In particular, multi-look Digital Holography (MLDH) has proved as one of the most efficient techniques to improve the quality of both the numerical and optical reconstructions. Nevertheless, several methods have been proposed to reduce holograms noise by implementing sophisticated processes, that are typically applied on numerical reconstructions of digital holograms for image visualization enhancement only. Indeed, very few methods, working directly on recorded holograms have been enveloped, ensuring the improvement of the quality for optical display purposes.

Among these methods, the 3D Block Matching filtering (BM3D) has demonstrated very powerful denoising capabilities in the field of digital image processing, by means of a block grouping and collaborative filtering strategy.
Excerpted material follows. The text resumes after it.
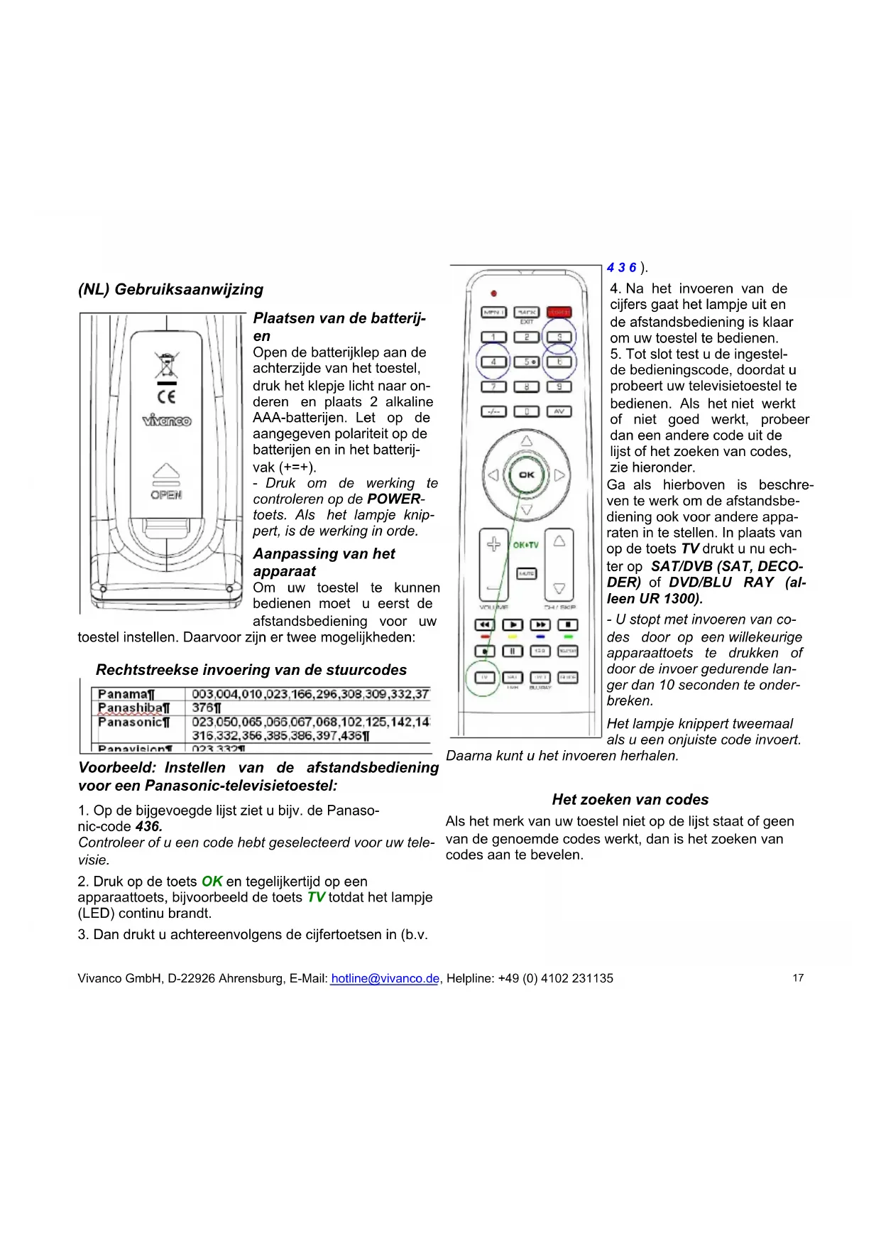 de bedieningscode, doordat u probeert uw televisietoestel te bedienen. Als het niet werkt of niet goed werkt, probeer dan een andere code uit de lijst of het zoeken van codes, zie hieronder. Ga als hierboven is beschre- ven te werk om de afstandsbe- diening ook voor andere appa- raten in te stellen. In plaats van op de toets TV drukt u nu ech- ter op SAT/DVB (SAT, DECO- DER) of DVD/BLU RAY (al- leen UR 1300). - U stopt met invoeren van co- des door op een willekeurige apparaattoets te drukken of door de invoer gedurende lan- ger dan 10 seconden te onder- breken. Het lampje knippert tweemaal als u een onjuiste code invoert. Daarna kunt u het invoeren herhalen. Het zoeken van codes Als het merk van uw toestel niet op de lijst staat of geen van de genoemde codes werkt, dan is het zoeken van codes aan te bevelen. Vivanco GmbH, D-22926 Ahrensburg, E-Mail: hotline@vivanco.de, Helpline: +49 (0) 4102 231135 17Handmatig zoeken van codes

However, this method requires a certain level of the initial signal-to-noise ratio (SNR) of images to be processed; otherwise, an incorrect grouping could occur, cutting down the reconstruction quality.
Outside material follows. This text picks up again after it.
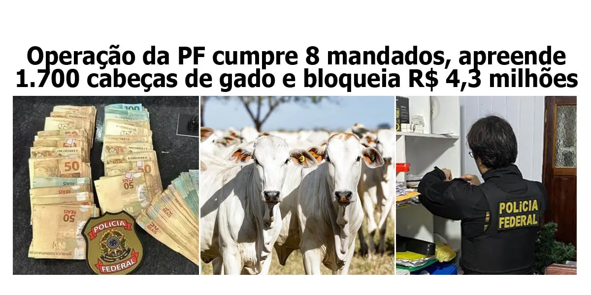 A Operação AgroFuel, deflagrada pela Polícia Federal nesta terça-feira (12), em Rodrigues Alves, cumpriu dois mandados judiciais de sequestro de bens, que resultaram na apreensão de um veículo, mais de 1.700 cabeças de gado e o montante próximo a R$ 580 mil em ativos financeiros, totalizando um bloqueio patrimonial no valor aproximado de R$ 4,3 milhões.

To overcome this limitation, a preliminary filtering is typically employed in the case of images with low SNR, as in the case of digital holograms. We discovered that the joint action of MLDH, grouping and collaborative filtering allows to achieve high quality numerical reconstructions in digital holography.
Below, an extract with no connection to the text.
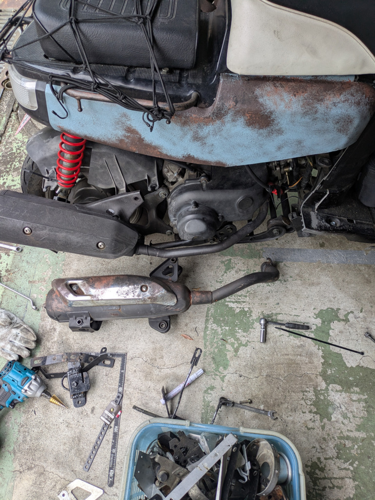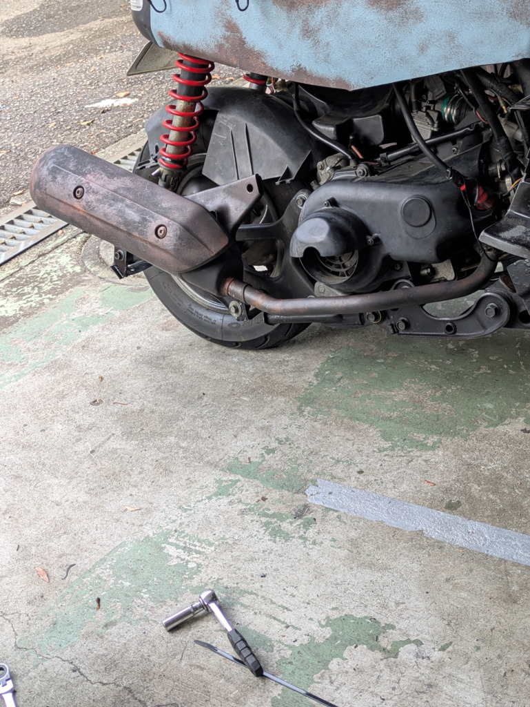 今日は、溶接チャレンジ エキパイの長いxマフラーに交換

We refer to this proposed method as MLDH-BM3D. In particular, MLDH pre-processing permits to achieve the enhanced grouping step ensuring better working conditions for the iterative processing blocks of the collaborative sparse 3D filtering.

Definitely, we demonstrated that MLDH and BM3D can be considered as complementary steps, mixing smart optical recording methods and numerical processing. In the labs at Institute of Applied Sciences and Intelligent Systems of CNR, we demonstrated that the discovered approach works efficiently for both single- and multi-wavelengths Digital Holography, by achieving an enhancement up to 98% in terms of percentage of noise suppression, thus demonstrating an unsurpassable quality in holographic 3D reconstructions that can be considered a "noise-free" for human vision.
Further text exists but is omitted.